Problem to solve — In the copy you make, keep each entry exactly as it is and leave out all images.

(Data entries)
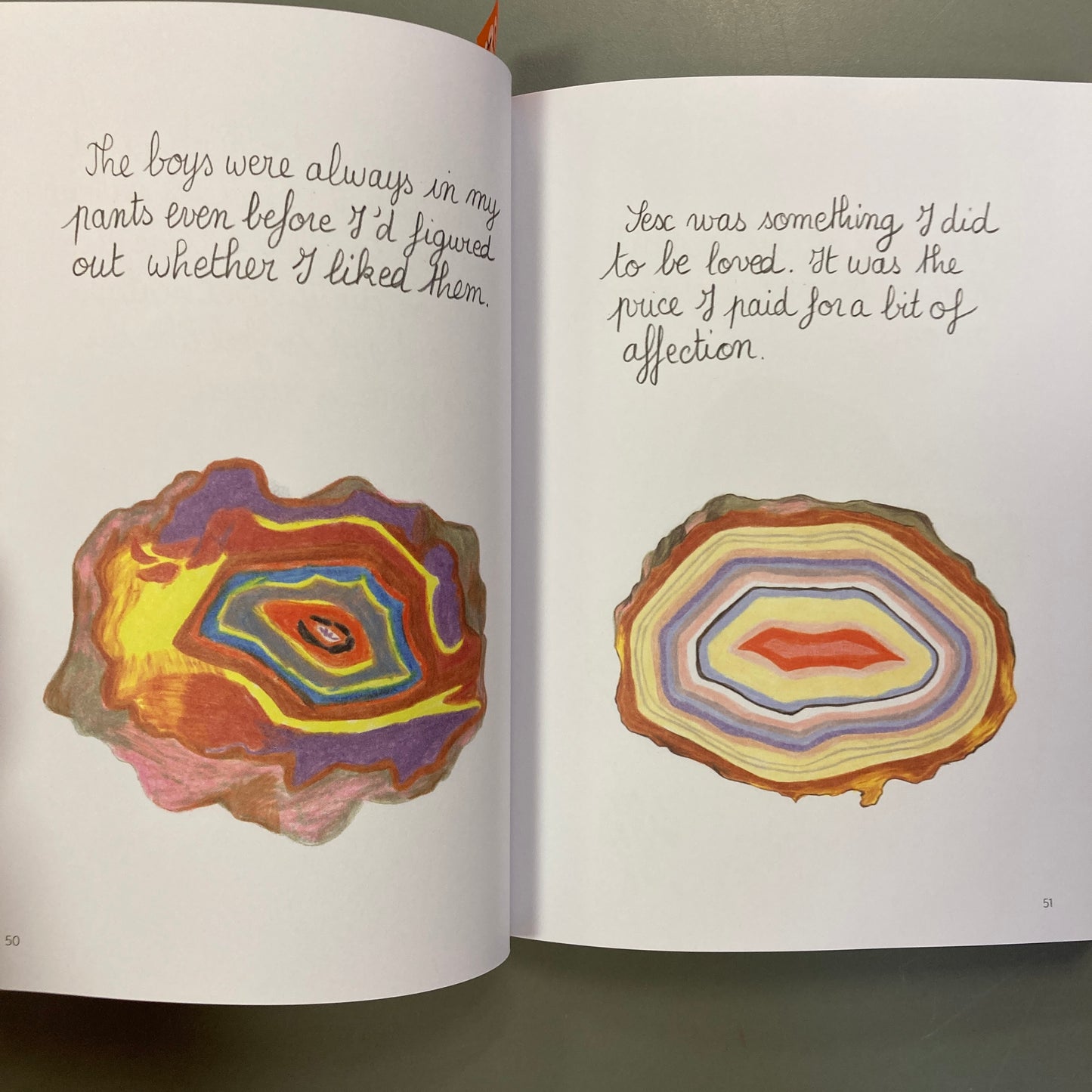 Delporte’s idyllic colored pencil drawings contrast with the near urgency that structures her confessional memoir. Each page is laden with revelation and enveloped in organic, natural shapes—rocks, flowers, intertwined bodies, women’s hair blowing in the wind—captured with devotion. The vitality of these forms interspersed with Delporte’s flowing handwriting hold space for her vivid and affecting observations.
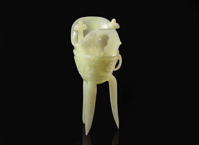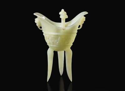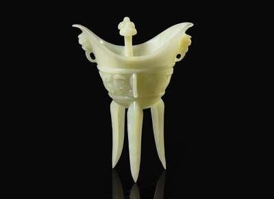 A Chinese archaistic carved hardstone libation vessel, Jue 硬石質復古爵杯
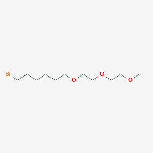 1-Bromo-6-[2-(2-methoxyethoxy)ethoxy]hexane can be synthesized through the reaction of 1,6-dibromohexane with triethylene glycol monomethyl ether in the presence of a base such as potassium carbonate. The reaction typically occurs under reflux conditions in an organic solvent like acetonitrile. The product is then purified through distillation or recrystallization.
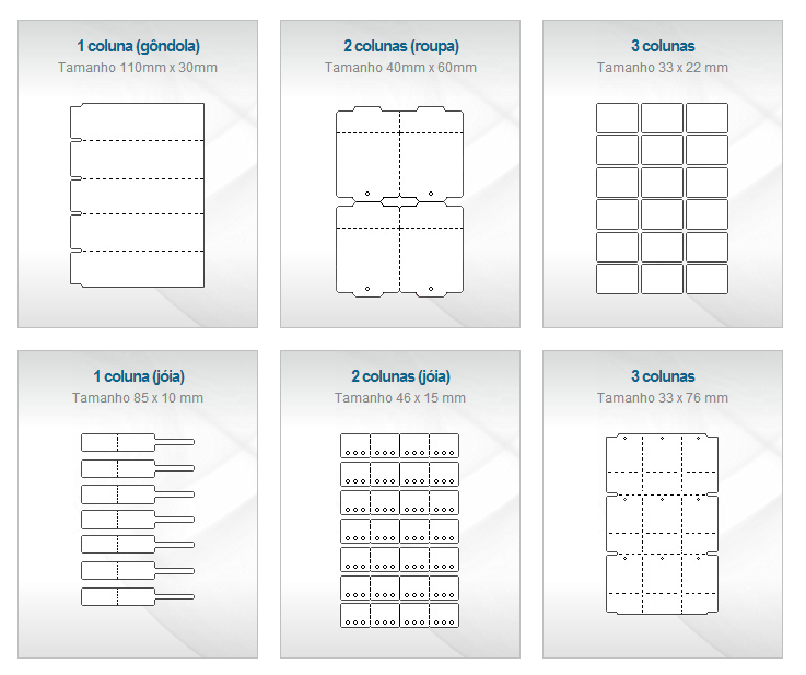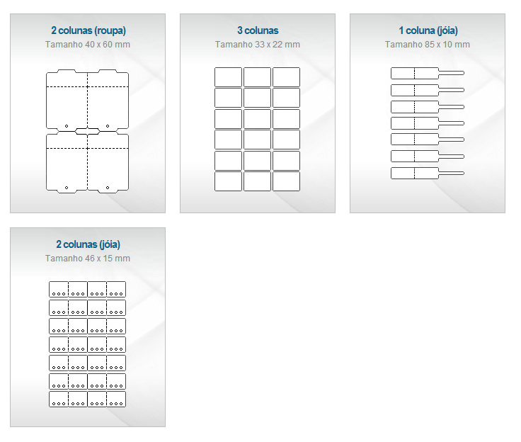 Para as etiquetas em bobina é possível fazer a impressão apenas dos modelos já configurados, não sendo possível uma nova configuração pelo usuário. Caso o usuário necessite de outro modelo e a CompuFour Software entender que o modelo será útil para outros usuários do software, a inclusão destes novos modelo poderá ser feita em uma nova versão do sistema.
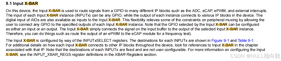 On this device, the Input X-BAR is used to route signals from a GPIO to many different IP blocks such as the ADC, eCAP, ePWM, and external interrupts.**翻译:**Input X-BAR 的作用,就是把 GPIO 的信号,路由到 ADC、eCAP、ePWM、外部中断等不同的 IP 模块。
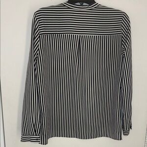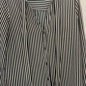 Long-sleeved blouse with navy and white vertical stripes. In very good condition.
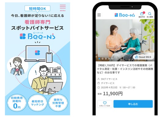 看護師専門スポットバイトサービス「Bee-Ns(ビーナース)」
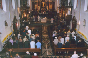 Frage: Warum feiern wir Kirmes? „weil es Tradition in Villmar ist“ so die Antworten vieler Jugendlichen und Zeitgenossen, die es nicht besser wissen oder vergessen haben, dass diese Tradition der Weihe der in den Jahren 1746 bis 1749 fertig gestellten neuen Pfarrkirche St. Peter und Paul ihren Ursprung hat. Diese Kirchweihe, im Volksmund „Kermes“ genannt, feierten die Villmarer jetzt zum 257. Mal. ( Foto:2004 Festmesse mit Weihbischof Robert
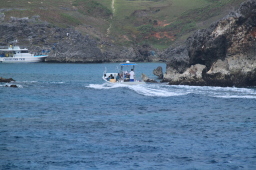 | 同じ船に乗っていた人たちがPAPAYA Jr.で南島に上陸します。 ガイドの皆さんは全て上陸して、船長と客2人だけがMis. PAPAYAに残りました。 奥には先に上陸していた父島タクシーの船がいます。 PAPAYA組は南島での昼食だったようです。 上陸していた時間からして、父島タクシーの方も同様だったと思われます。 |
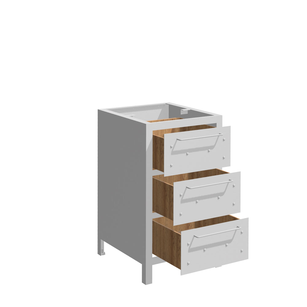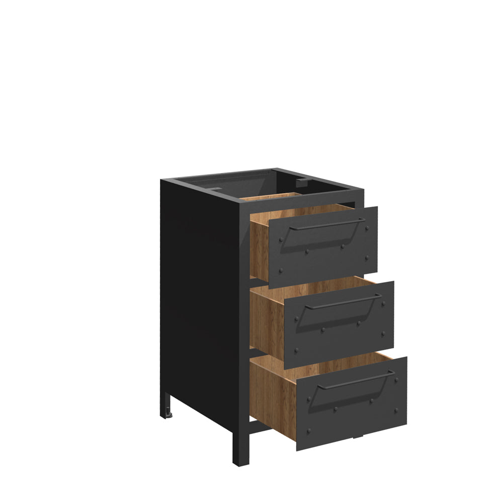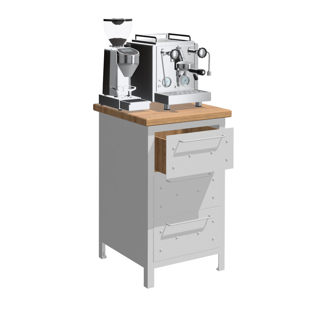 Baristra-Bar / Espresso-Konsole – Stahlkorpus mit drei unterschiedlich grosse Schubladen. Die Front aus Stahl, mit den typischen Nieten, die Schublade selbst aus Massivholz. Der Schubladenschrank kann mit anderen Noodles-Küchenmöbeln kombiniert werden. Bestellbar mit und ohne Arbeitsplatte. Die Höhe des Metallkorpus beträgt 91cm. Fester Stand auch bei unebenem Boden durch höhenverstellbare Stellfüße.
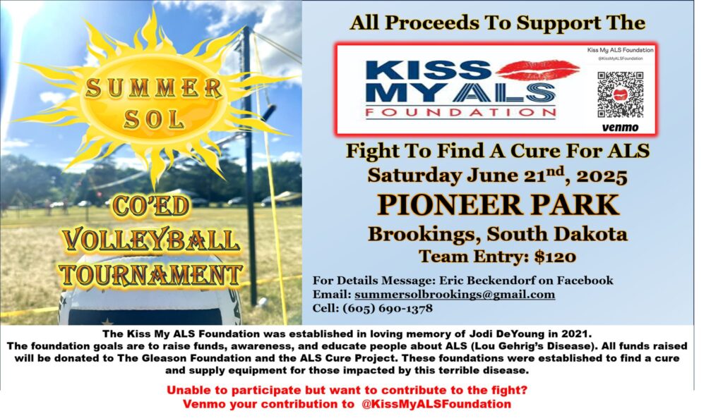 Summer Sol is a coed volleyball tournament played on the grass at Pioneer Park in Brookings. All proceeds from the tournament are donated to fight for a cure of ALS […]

Exercise result —
 Delporte’s idyllic colored pencil drawings contrast with the near urgency that structures her confessional memoir. Each page is laden with revelation and enveloped in organic, natural shapes—rocks, flowers, intertwined bodies, women’s hair blowing in the wind—captured with devotion. The vitality of these forms interspersed with Delporte’s flowing handwriting hold space for her vivid and affecting observations.
 A Chinese archaistic carved hardstone libation vessel, Jue 硬石質復古爵杯
 1-Bromo-6-[2-(2-methoxyethoxy)ethoxy]hexane can be synthesized through the reaction of 1,6-dibromohexane with triethylene glycol monomethyl ether in the presence of a base such as potassium carbonate. The reaction typically occurs under reflux conditions in an organic solvent like acetonitrile. The product is then purified through distillation or recrystallization.
 Para as etiquetas em bobina é possível fazer a impressão apenas dos modelos já configurados, não sendo possível uma nova configuração pelo usuário. Caso o usuário necessite de outro modelo e a CompuFour Software entender que o modelo será útil para outros usuários do software, a inclusão destes novos modelo poderá ser feita em uma nova versão do sistema.
 On this device, the Input X-BAR is used to route signals from a GPIO to many different IP blocks such as the ADC, eCAP, ePWM, and external interrupts.**翻译:**Input X-BAR 的作用,就是把 GPIO 的信号,路由到 ADC、eCAP、ePWM、外部中断等不同的 IP 模块。
 Long-sleeved blouse with navy and white vertical stripes. In very good condition.
 看護師専門スポットバイトサービス「Bee-Ns(ビーナース)」
 Frage: Warum feiern wir Kirmes? „weil es Tradition in Villmar ist“ so die Antworten vieler Jugendlichen und Zeitgenossen, die es nicht besser wissen oder vergessen haben, dass diese Tradition der Weihe der in den Jahren 1746 bis 1749 fertig gestellten neuen Pfarrkirche St. Peter und Paul ihren Ursprung hat. Diese Kirchweihe, im Volksmund „Kermes“ genannt, feierten die Villmarer jetzt zum 257. Mal. ( Foto:2004 Festmesse mit Weihbischof Robert
 | 同じ船に乗っていた人たちがPAPAYA Jr.で南島に上陸します。 ガイドの皆さんは全て上陸して、船長と客2人だけがMis. PAPAYAに残りました。 奥には先に上陸していた父島タクシーの船がいます。 PAPAYA組は南島での昼食だったようです。 上陸していた時間からして、父島タクシーの方も同様だったと思われます。 |
 Baristra-Bar / Espresso-Konsole – Stahlkorpus mit drei unterschiedlich grosse Schubladen. Die Front aus Stahl, mit den typischen Nieten, die Schublade selbst aus Massivholz. Der Schubladenschrank kann mit anderen Noodles-Küchenmöbeln kombiniert werden. Bestellbar mit und ohne Arbeitsplatte. Die Höhe des Metallkorpus beträgt 91cm. Fester Stand auch bei unebenem Boden durch höhenverstellbare Stellfüße.
 Summer Sol is a coed volleyball tournament played on the grass at Pioneer Park in Brookings. All proceeds from the tournament are donated to fight for a cure of ALS […]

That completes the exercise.